Subject: Re: Q: Is ther a compressed filesystem?
To: None <scottr@Plexus.COM>
From: Thomas Boroske <y0001006@ws.rz.tu-bs.de>
List: netbsd-help
Date: 07/02/1997 04:46:39
In message <Pine.NEB.3.95.970701163459.26673Y-100000@beech.pd.tgi.plexus.com> you wrote:

> On Tue, 1 Jul 1997, Andreas Brusinsky wrote:
> 
> > Is there a compressed filesystem for unix available? 
> > So that a compile process just acts inside of a tar file or so. 
> 
> Well, the idea is interesting, but I can only imagine this being practical
> if it's a read-only filesystem that you could layer something else on top
> of.  I'm not sure it's really worth the effort, though... you'd certainly
> take a significant performance hit.

I'm using an Acorn RiscPC with NetBSD-arm32 and RiscOS, the original 
OS by Acorn. RiscOS has a concept called "image file-systems", which 
means that you can load "modules" (OS extensions, sort of) that 
declare themselves as filesystems for a particular filetype (there's
true, ie non-extension-based filetypes in RiscOS).

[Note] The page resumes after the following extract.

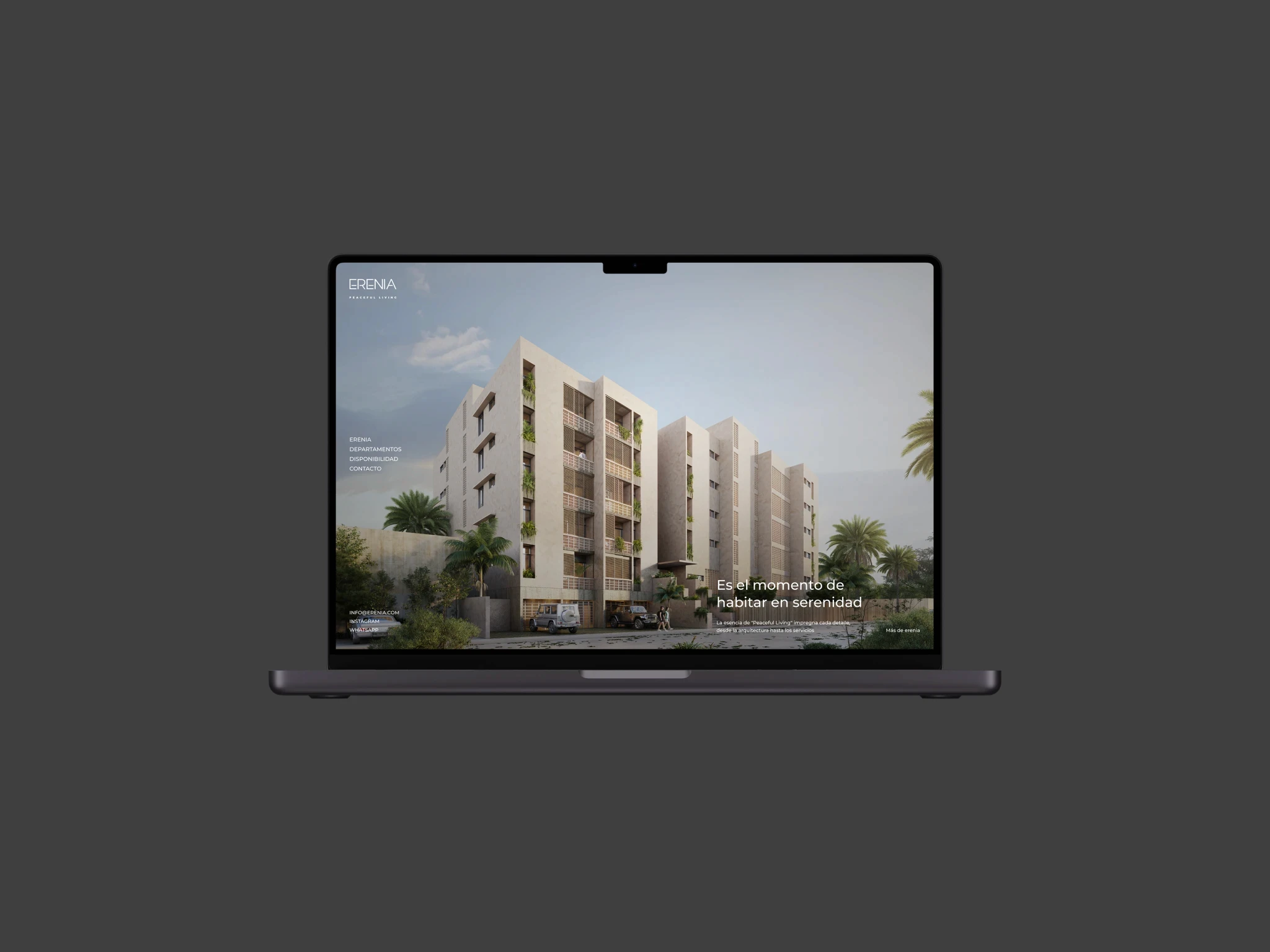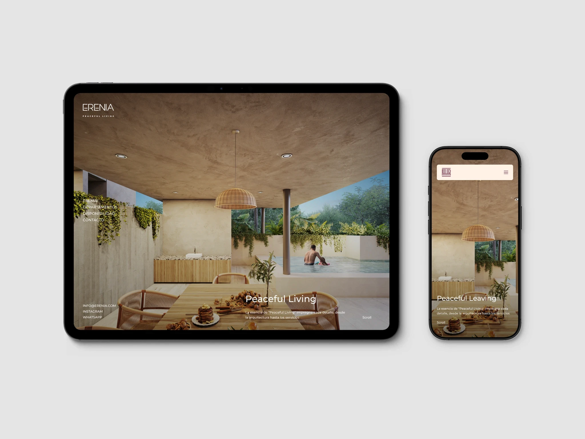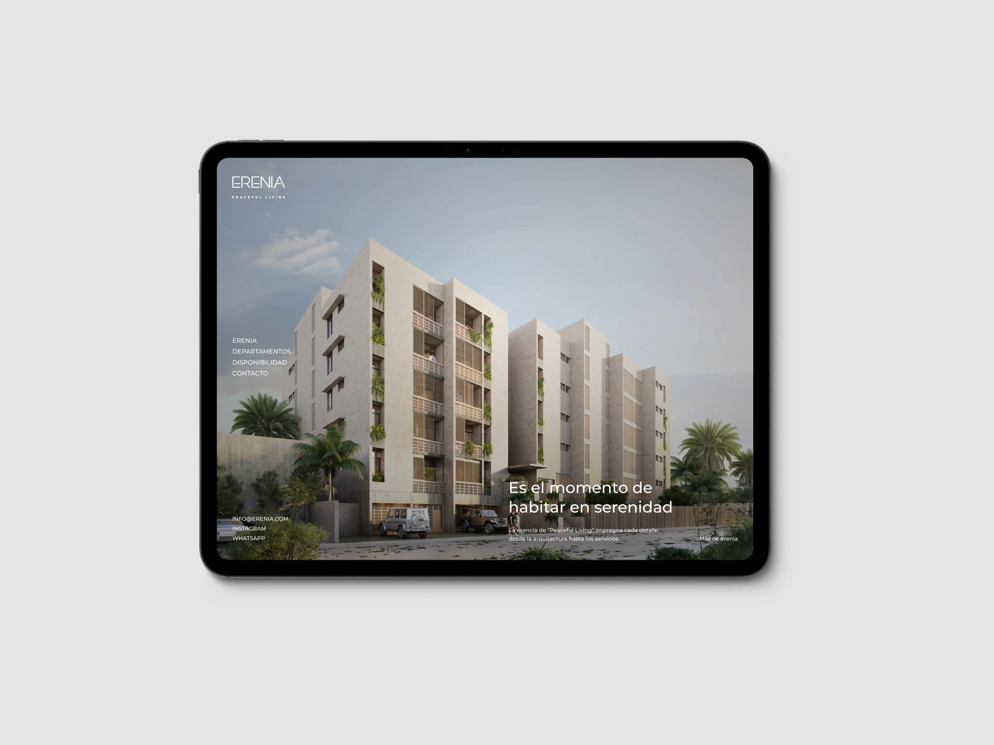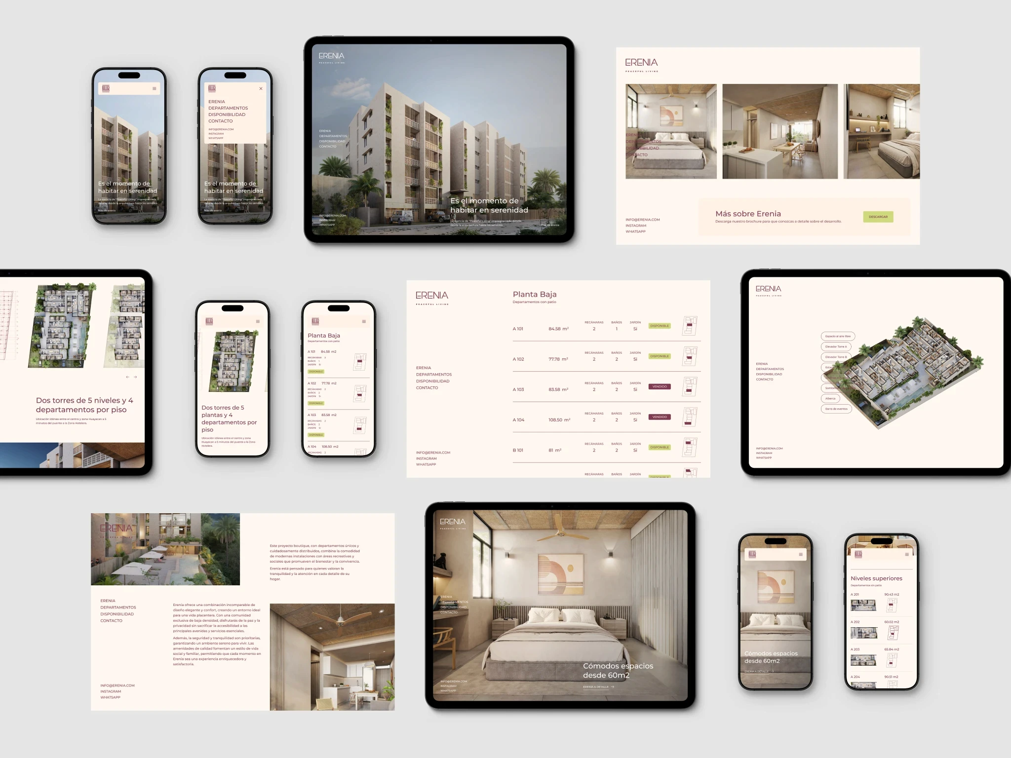 Erenia Peaceful Living es un desarrollo inmobiliario con una narrativa aspiracional, con enfoque claro en estilo de vida. Desde el inicio, el proyecto contaba con un brochure diseñado por Estudio Manila, que definía tanto la estructura del contenido como el lenguaje visual.

This file, once the module has initialised, now looks like a directory
to the user. 
There's several uses for this, the most used option is perhaps 
"SparkFS", a thirdparty app that can handle some native compression
formats as well as a number of standard-archive formats like zip and
tar as filesystems - very handy to just try out an archive. 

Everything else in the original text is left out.